Proving that $\mathbb{R}^n \setminus K_r(0)$, $r>0$ is connected

Question

$\mathbb{R}^p \setminus K_r(0)$, $r>0$.

How can I show that $\mathbb{R}^p \setminus K_r(0)$ is connected, that is, it cannot be divided into two disjoint nonempty open sets? I tried assuming that it isn't connected and find a contradiction but I can't get any further.

$K_r(0)$ is the closed circle around $0$ with radius $r$.

I know that I can also show path connected instead.

Answer 1

For $n>2$ the $n-1$-sphere $S^{n-1}$ is connected and the map $$R^n\backslash K_r(0)\ \longrightarrow\ S^{n-1}:\ x\ \longmapsto\ \frac{x}{||x||},$$ is continuous and surjective.

Answer 2

It is actually easier to prove directly that your set is path-connected and then to deduce that it is connected.

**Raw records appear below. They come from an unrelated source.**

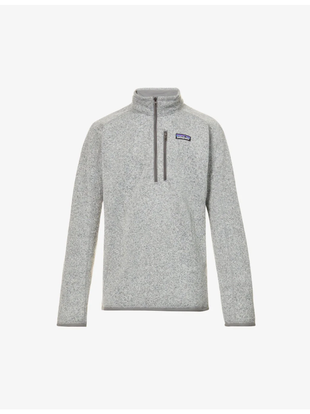 PRODUCT DETAILS - Patagonia recycled-polyester jumper - 100% recycled polyester - Exposed zip fastening at front - High neck, long sleeves, rounded cuffs, relaxed-fit, one zip pocket at front, brand patch at front - Machine wash mild - Size UK medium: length 28in/71cm, chest 42in/107cm - Model is 6ft 2in/1.88m and wears a size medium - Midweight, slight stretch Ref: R03804757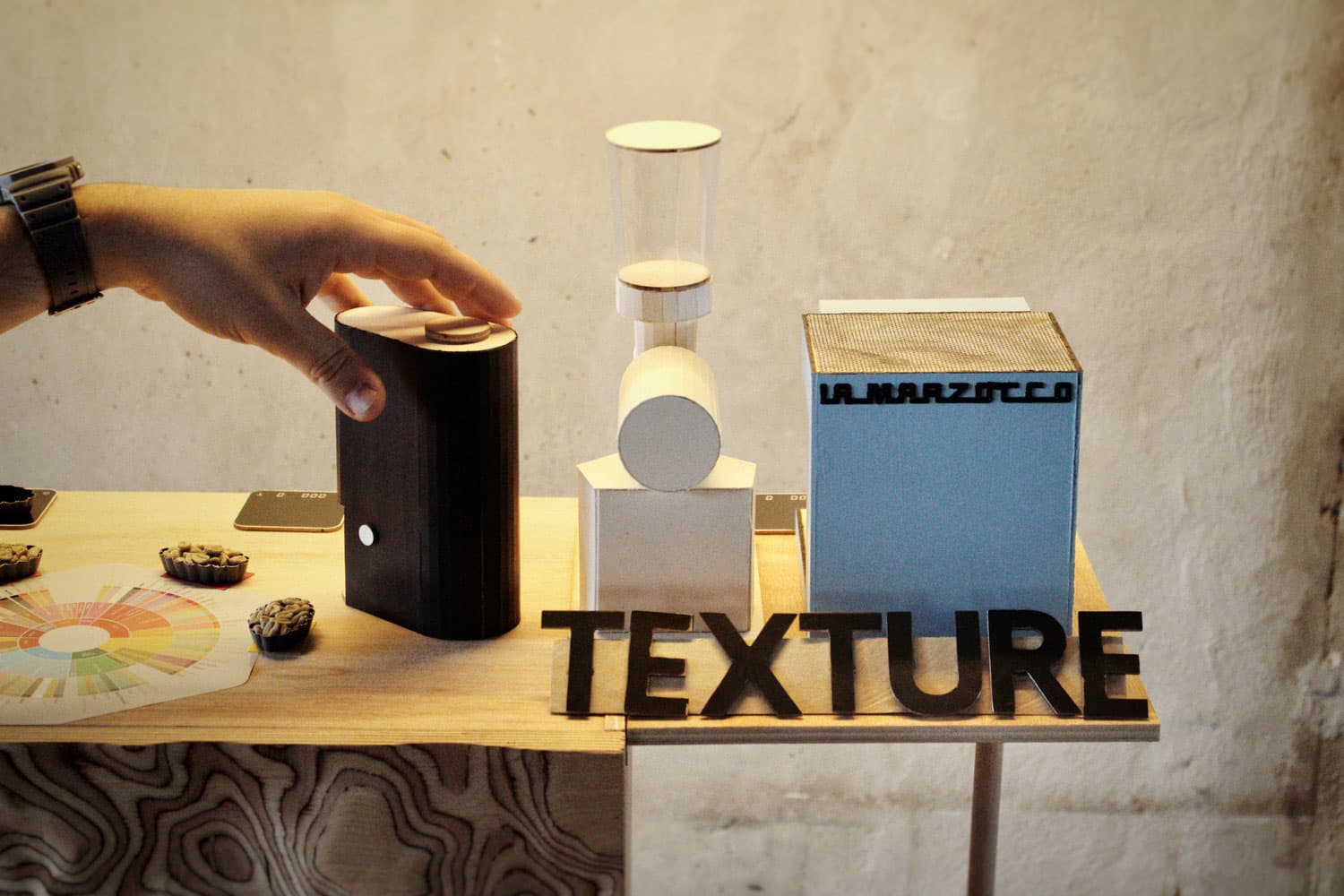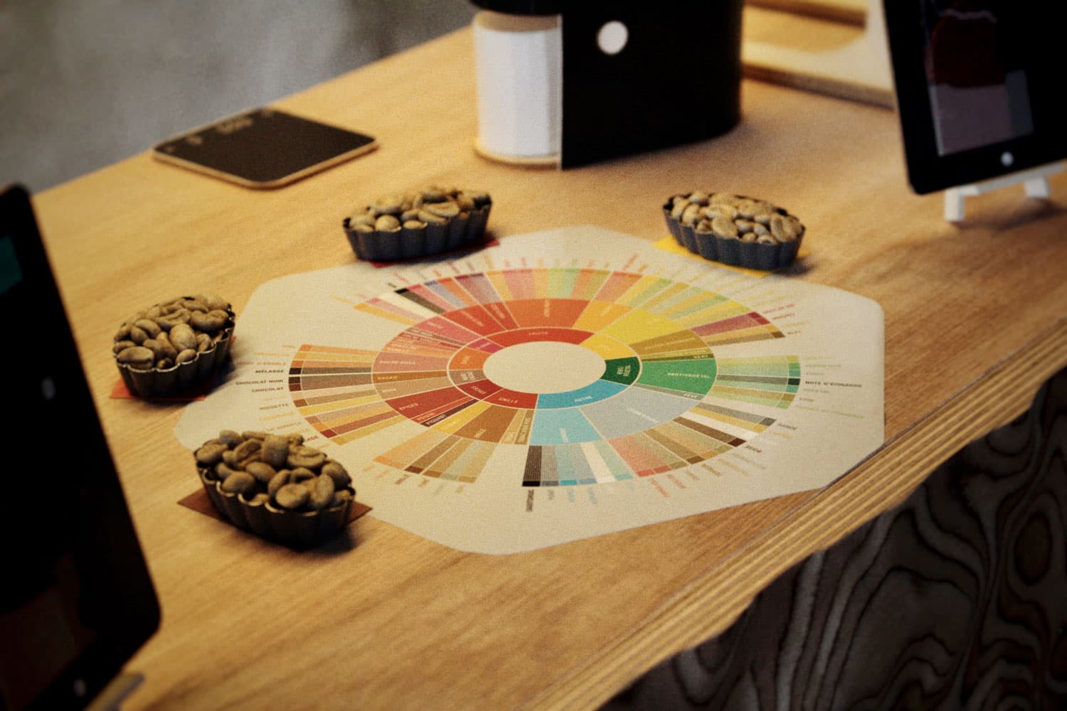 · Peux tu nous parler de ton projet TEXTURE ? Tout tourne autour de la texture, qui correspond au 5ème élément de notation de la SCA dans le café de spécialité. L’idée est de proposer le choix d’un assemblage sur mesure. Une fois l’association aromatique déterminée (représentée par la couleur), on décide d’une texture : juteuse, soyeuse ou sirupeuse, en changeant l’intensité de torréfaction, du plus clair au plus foncé.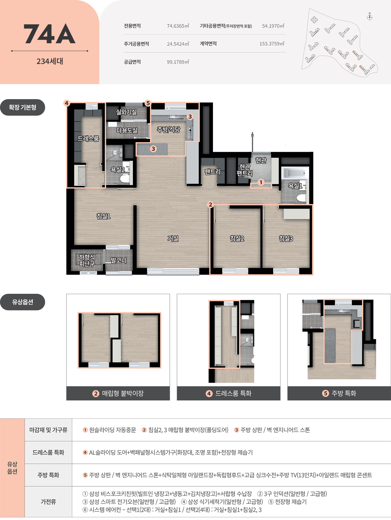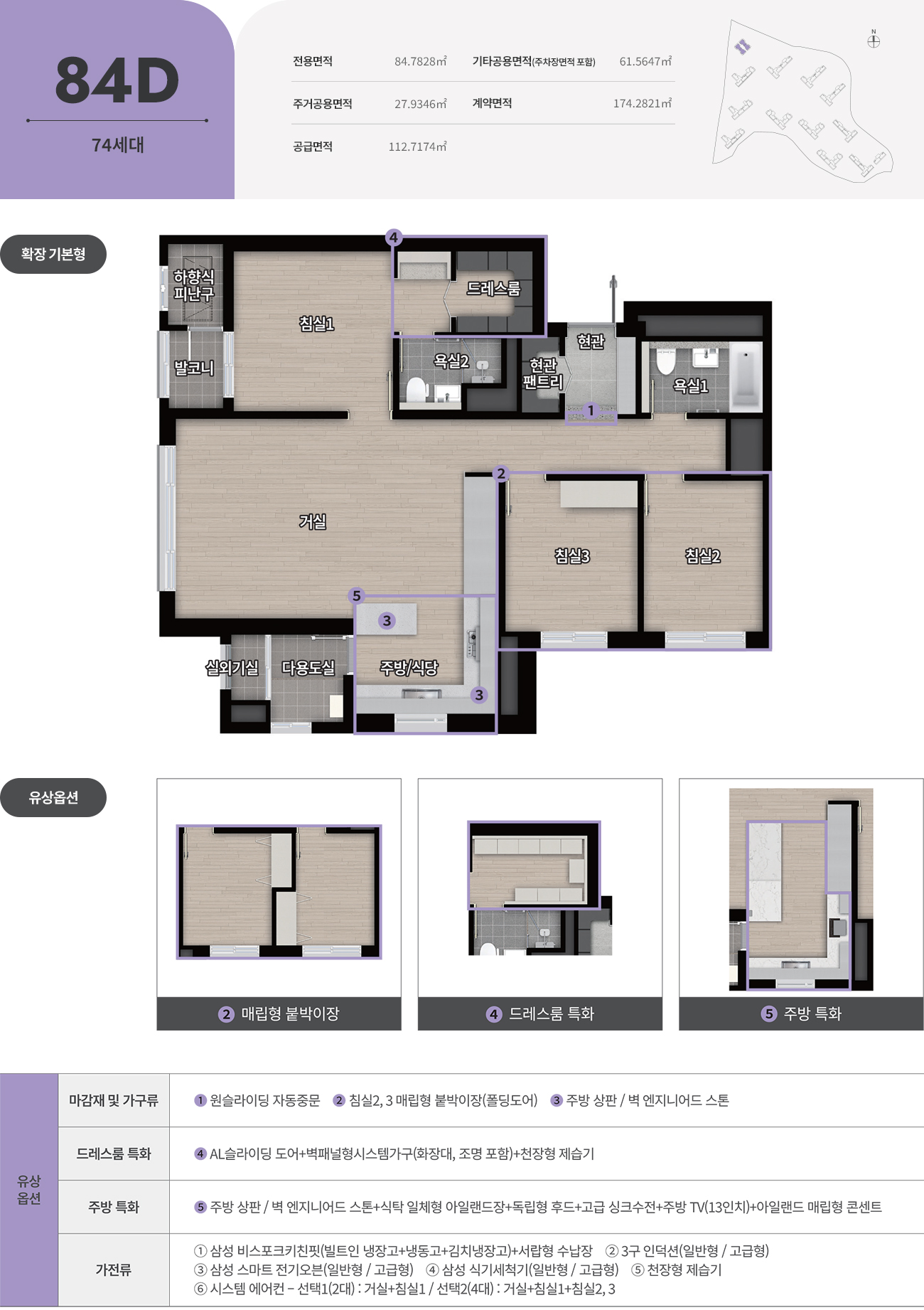 - 전용면적: 74㎡ / 84㎡ 중심의 실속형 평면
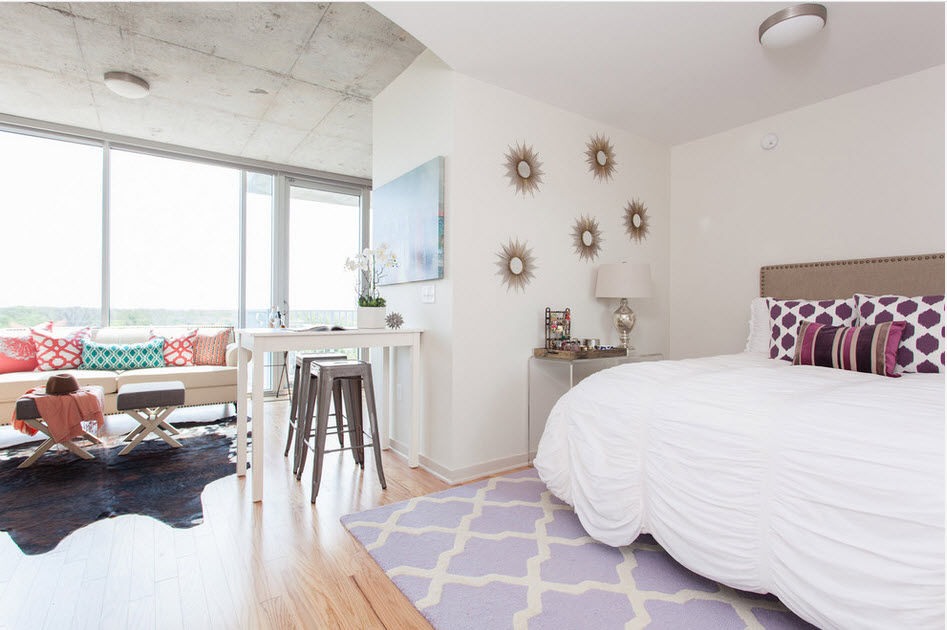 Lorsque vous organisez un appartement dans ce cas, vous devez faire attention au fait qu'aucun coin ne reste vide. Cependant, placer tous les objets le long d'un des murs n'est également pas une option. Quelle que soit la zone de la maison, le système de stockage est avant tout pensé. Cela peut être un podium équipé où un lit ou une table est installé sur le dessus, et où la literie ou d’autres accessoires sont cachés.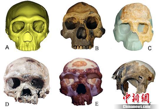 华龙洞古人类化石与中国其他古人类化石的对比:A,华龙洞人;B,周口店直立人;C,南京直立人;D,大荔;E,金牛山;F,马坝。吴秀杰/供图

In order to prove that it is path-connected, take two points $a$ and $b$ from your set. Also, take a vector $v$ with norm $1$ which is orthgonal to the line passing through $a$ and $b$. Finally, considear a polygonal path as follows:

• At first, it goes (in a straight line) from $a$ to $a+2rv$;
• then, it goes (in a straight line) from $a+2rv$ to $b+2rv$;
• finally, it goes (still in a straight line) from $b+2rv$ to $b$.